The collection period covered the period from 2023-06-01 until 2023-08-05.
Data
These files represent a complete data dump from the data available in the time-series database, InfluxDB, used for collection. Because of this some columns have no semantic value for detecting production cycles or any other analytics.
Each file contains a total of 14 columns. Some of the columns are artefacts of the query used to extract the data from InfluxDB and can be discarded. These columns are: results, table _start, _stop
results - An artefact of the InfluxDB query, signifies postprocessing of results in this dataset. It is "mean".

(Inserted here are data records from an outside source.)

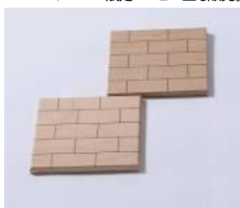
■赤レンガコースター 400 円(税抜き)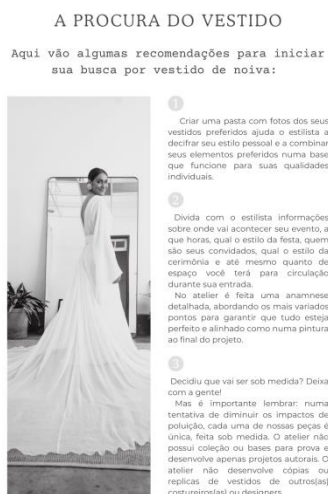
Figura 11- A Procura do Vestido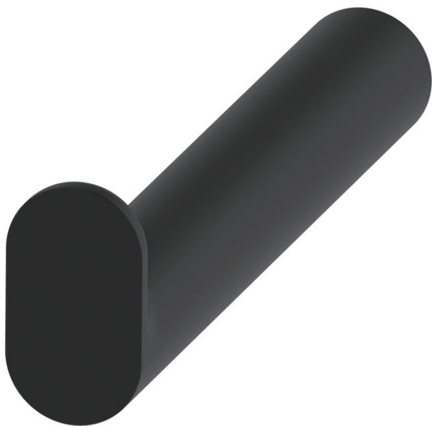
Immagine del prodotto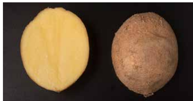
Abbildung 2 | Thalessa ist eine mittelfrühe Verarbeitungssorte für Chips mit gelbem bis hellgelbem Fleisch und guter Eignung zur Lagerung, auch bei tiefer Temperatur. Sie erreicht eine gute Knollenbildung und einen guten Ertrag. Thalessa ist anfällig gegenüber Rhizoctonia-Pocken und ihr Kraut gegenüber Phytophthora infestans .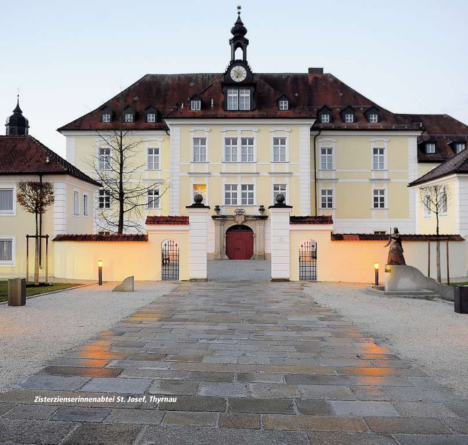
Zisterzienserinnenabtei St. Josef, Thyrnau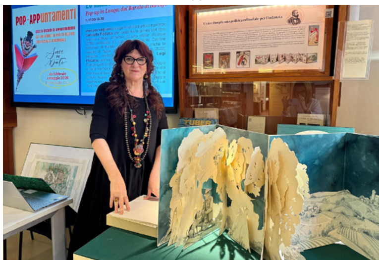
Fig. 8. || Il pop-up di grandi dimensioni esposto al Pop-App Museum in occasione dell'incontro.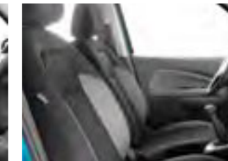
Ткань C&T Mixou 1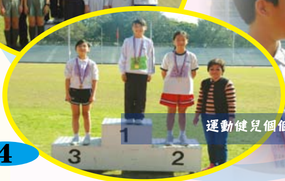
運動健兒個個「醒」，囊括獎牌無得頂！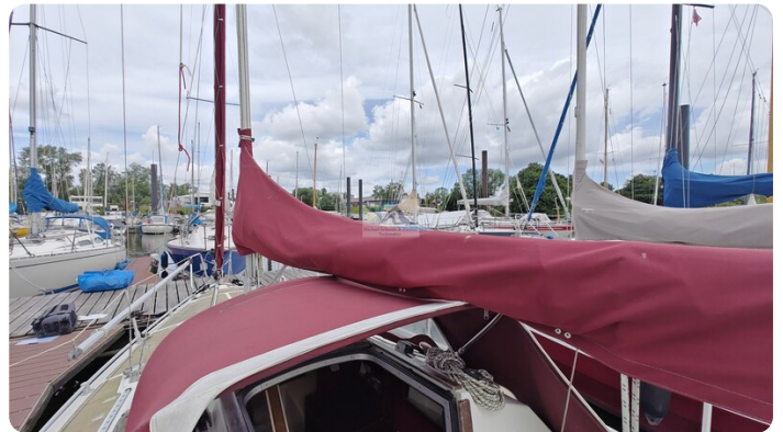
Etap 23i 29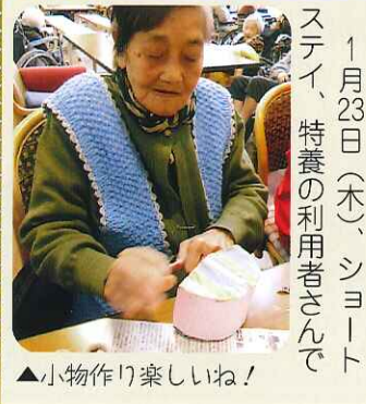
▲小物作り楽しいね!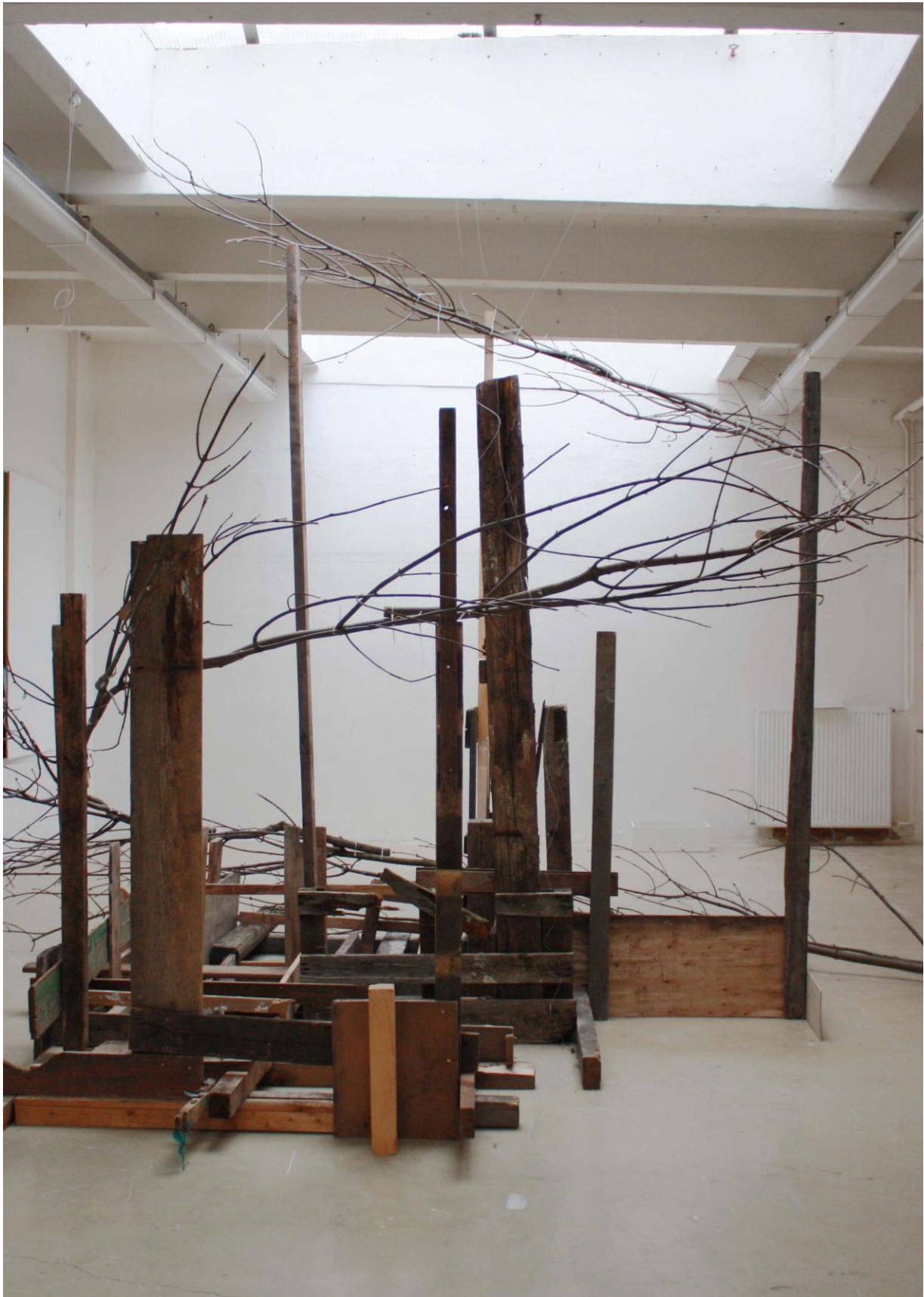
Větvení, instalace v ateliéru Sochařství 2, větve, různé kusy dřeva, vruty, stahovací pásy, přibližně 400x300x300cm, 2015

table - An artefact of the InfluxDB query, can be discarded.
_start and _stop - Refers to ingestion related data, used in monitoring ingestion.
_field - An artefact of the InfluxDB query, specifying what field to use for the query.
_measurement - An artefact of the InfluxDB query, specifying what measurement to use for the query. Contains the same information as device_id.
host - An artefact of the InfluxDB query, the unique name of the host used for the InfluxDB sink in Kubernetes.
kafka_topic - Name of the Kafka topic used for collection.
Pertinent columns are:
_time - Denotes the time at which a particular event has been measured, it is used as index when creating a dataframe.
_time.1 - Duplicate of _time for sanity check and ease of analysis when _time is set as index
_value - Represents the value measured by each sensor type.
device_id - Unique identifier of the manufacturing device, should be the same as the file name, i.e. B827EB8D8E0C.
ingestion_time - Timestamp when the data has been collected and ingested by influxDB.
sid - Unique sensor ID; the power measurements can be found at sid 1.
Annotations
There are two additional files which contain annotation data:
scamp_devices.csv - Contains mapping information between the dataset device ID (defined in column "DeviceIDMonitoring") and the ground truth file ID (defined in column "DeviceID")
scamp_report_3m.csv - Contains the ground truth, which can be used for validation of cycle detection and analysis methods. The columns are as follows:
ReportID - Internal unique ID created during data collection. It can be discarded.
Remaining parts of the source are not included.